* [PROVIDED INFORMATION]
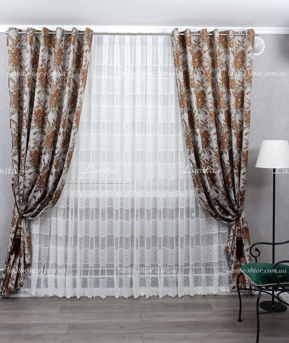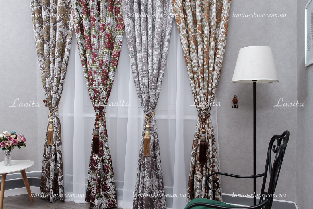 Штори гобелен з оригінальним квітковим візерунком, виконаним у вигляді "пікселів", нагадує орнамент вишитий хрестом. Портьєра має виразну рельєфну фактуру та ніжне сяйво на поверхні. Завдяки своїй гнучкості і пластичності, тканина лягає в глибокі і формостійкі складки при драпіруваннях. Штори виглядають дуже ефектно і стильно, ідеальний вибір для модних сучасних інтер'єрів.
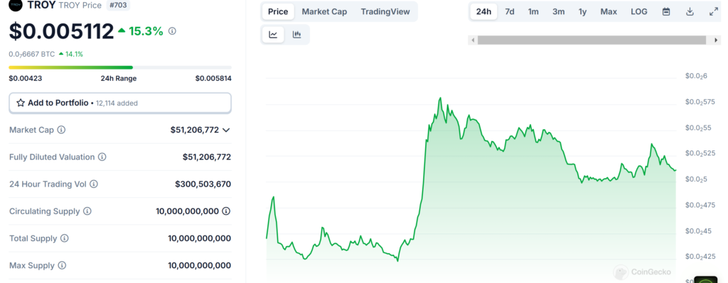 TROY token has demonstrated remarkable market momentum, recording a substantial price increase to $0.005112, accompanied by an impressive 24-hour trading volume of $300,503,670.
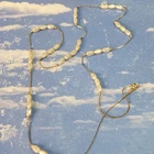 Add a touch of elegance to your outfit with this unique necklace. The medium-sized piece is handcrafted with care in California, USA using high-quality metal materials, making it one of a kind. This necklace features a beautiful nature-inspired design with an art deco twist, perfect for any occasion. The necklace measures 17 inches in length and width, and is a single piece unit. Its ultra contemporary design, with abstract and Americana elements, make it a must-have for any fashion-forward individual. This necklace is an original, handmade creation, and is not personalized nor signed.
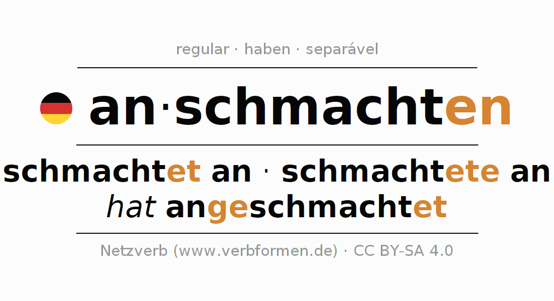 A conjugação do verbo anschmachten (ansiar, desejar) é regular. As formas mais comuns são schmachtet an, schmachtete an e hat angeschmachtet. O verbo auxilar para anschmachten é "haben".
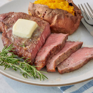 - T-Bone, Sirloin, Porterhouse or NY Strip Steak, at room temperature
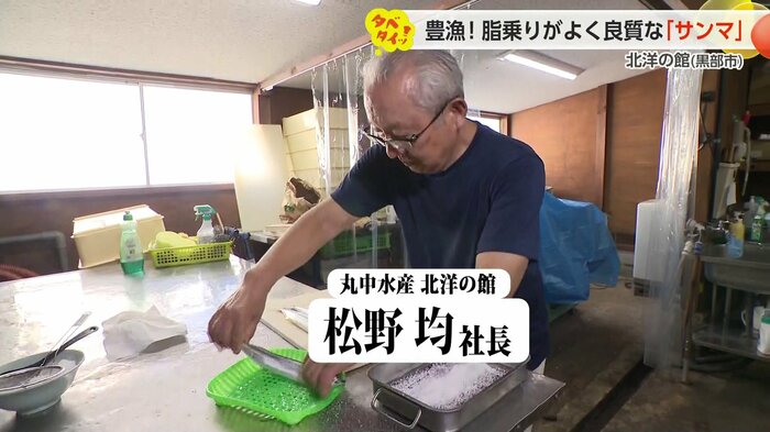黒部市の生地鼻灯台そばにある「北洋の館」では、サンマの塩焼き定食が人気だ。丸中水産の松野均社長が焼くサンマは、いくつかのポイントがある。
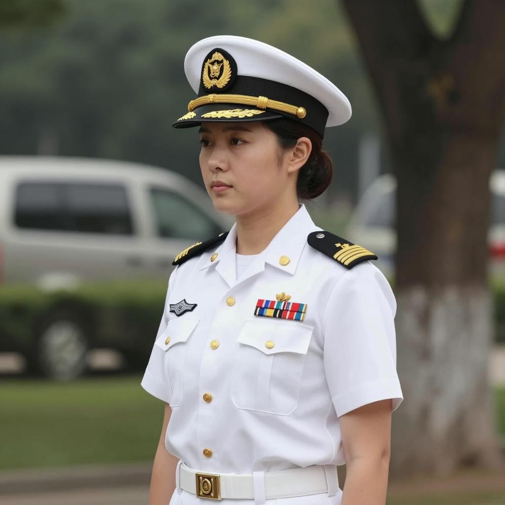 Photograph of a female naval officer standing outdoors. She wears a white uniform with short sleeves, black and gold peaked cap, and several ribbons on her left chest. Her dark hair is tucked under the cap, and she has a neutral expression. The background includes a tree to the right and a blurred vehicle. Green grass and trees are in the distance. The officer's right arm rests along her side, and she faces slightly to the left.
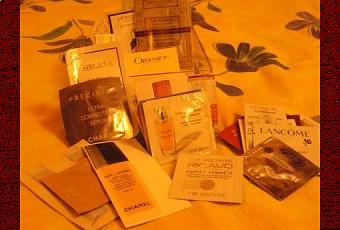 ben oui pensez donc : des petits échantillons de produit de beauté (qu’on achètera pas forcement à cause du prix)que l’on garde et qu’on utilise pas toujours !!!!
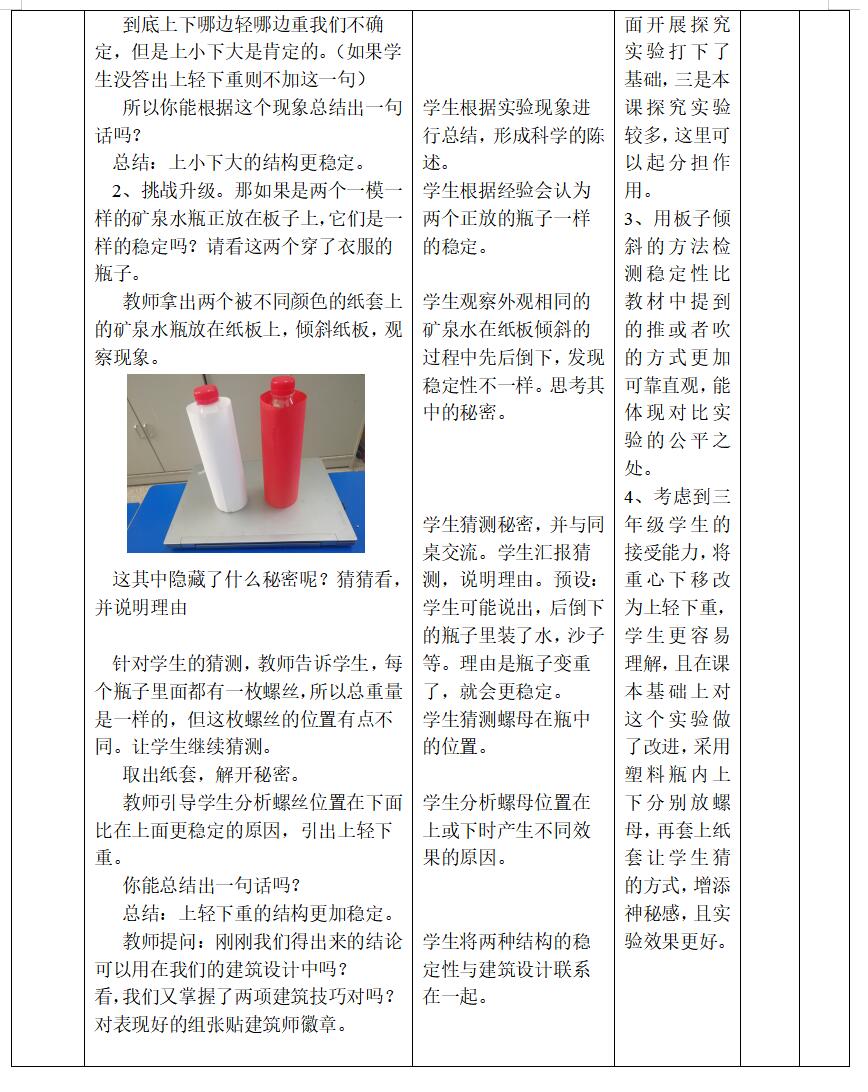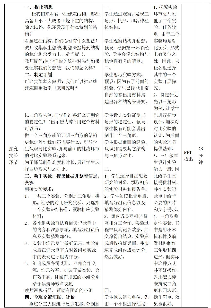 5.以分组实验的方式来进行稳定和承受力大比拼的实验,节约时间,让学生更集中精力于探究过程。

---

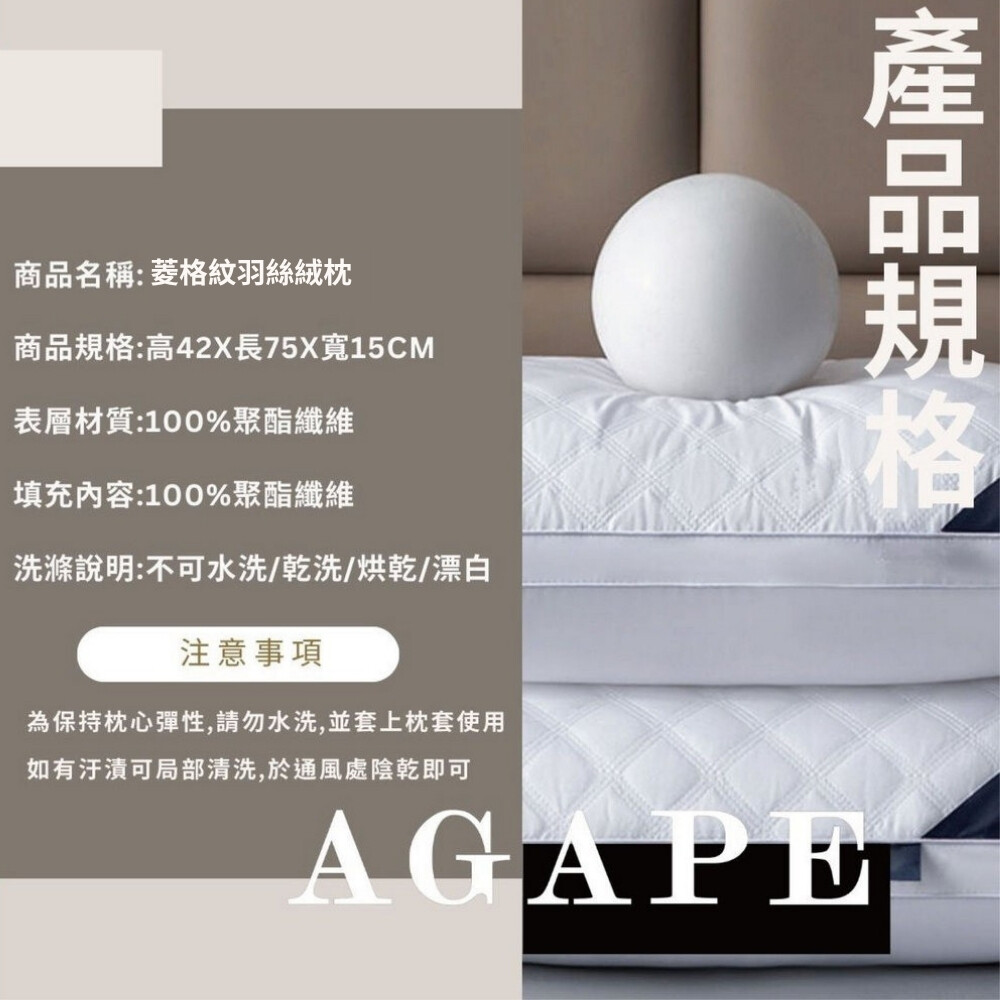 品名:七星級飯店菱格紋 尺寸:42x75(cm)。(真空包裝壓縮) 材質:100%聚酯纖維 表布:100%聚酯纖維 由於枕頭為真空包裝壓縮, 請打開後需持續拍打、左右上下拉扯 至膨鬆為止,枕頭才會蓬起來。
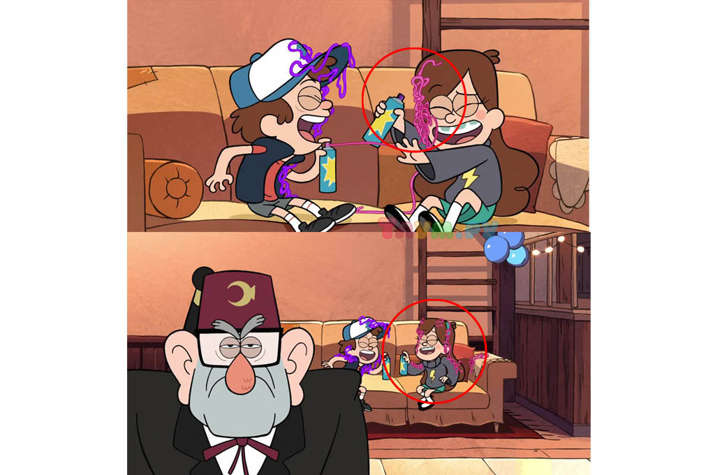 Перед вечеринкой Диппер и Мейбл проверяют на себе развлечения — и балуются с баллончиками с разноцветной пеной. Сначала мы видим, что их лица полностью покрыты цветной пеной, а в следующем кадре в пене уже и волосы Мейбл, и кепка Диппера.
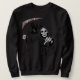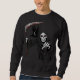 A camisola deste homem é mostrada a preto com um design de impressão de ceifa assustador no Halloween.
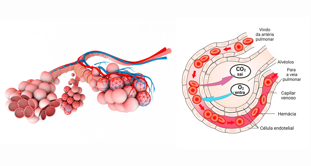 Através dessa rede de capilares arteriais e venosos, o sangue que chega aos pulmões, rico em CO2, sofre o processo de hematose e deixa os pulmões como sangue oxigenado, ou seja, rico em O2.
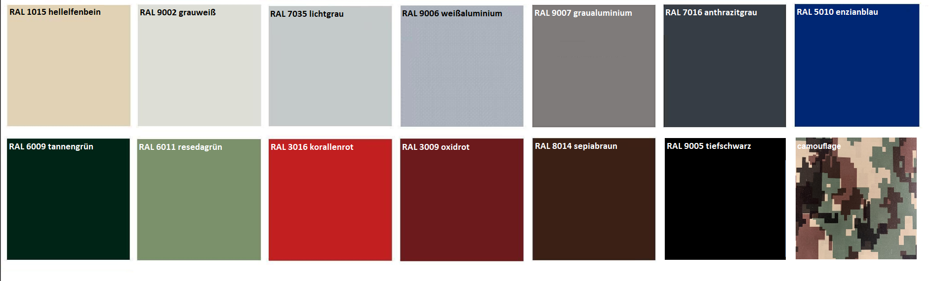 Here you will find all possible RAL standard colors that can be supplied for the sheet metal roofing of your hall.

* * *

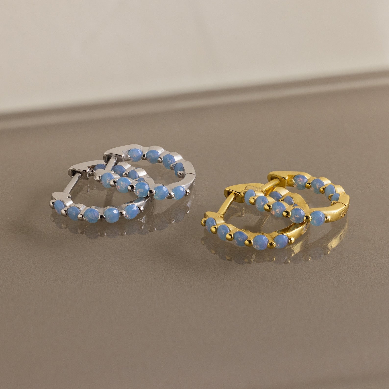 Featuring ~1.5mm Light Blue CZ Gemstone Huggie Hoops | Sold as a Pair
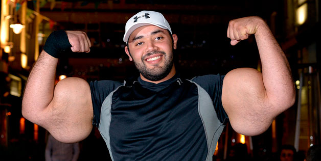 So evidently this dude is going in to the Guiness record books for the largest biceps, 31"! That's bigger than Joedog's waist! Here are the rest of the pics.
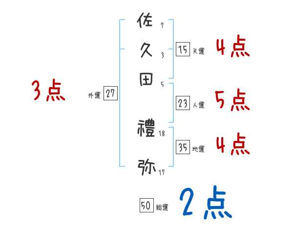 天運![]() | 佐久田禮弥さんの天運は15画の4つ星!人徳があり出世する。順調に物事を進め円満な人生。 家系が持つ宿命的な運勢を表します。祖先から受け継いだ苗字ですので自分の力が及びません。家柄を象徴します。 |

* [WHAT TO WORK ON] Return exactly the stretch above whose first line contains "Штори гобелен з" and whose last line contains "A conjugação do", and nothing outside it. The pictures should not appear.

* [ANSWER TO THIS EXERCISE]
 Штори гобелен з оригінальним квітковим візерунком, виконаним у вигляді "пікселів", нагадує орнамент вишитий хрестом. Портьєра має виразну рельєфну фактуру та ніжне сяйво на поверхні. Завдяки своїй гнучкості і пластичності, тканина лягає в глибокі і формостійкі складки при драпіруваннях. Штори виглядають дуже ефектно і стильно, ідеальний вибір для модних сучасних інтер'єрів.
 TROY token has demonstrated remarkable market momentum, recording a substantial price increase to $0.005112, accompanied by an impressive 24-hour trading volume of $300,503,670.
 Add a touch of elegance to your outfit with this unique necklace. The medium-sized piece is handcrafted with care in California, USA using high-quality metal materials, making it one of a kind. This necklace features a beautiful nature-inspired design with an art deco twist, perfect for any occasion. The necklace measures 17 inches in length and width, and is a single piece unit. Its ultra contemporary design, with abstract and Americana elements, make it a must-have for any fashion-forward individual. This necklace is an original, handmade creation, and is not personalized nor signed.
 A conjugação do verbo anschmachten (ansiar, desejar) é regular. As formas mais comuns são schmachtet an, schmachtete an e hat angeschmachtet. O verbo auxilar para anschmachten é "haben".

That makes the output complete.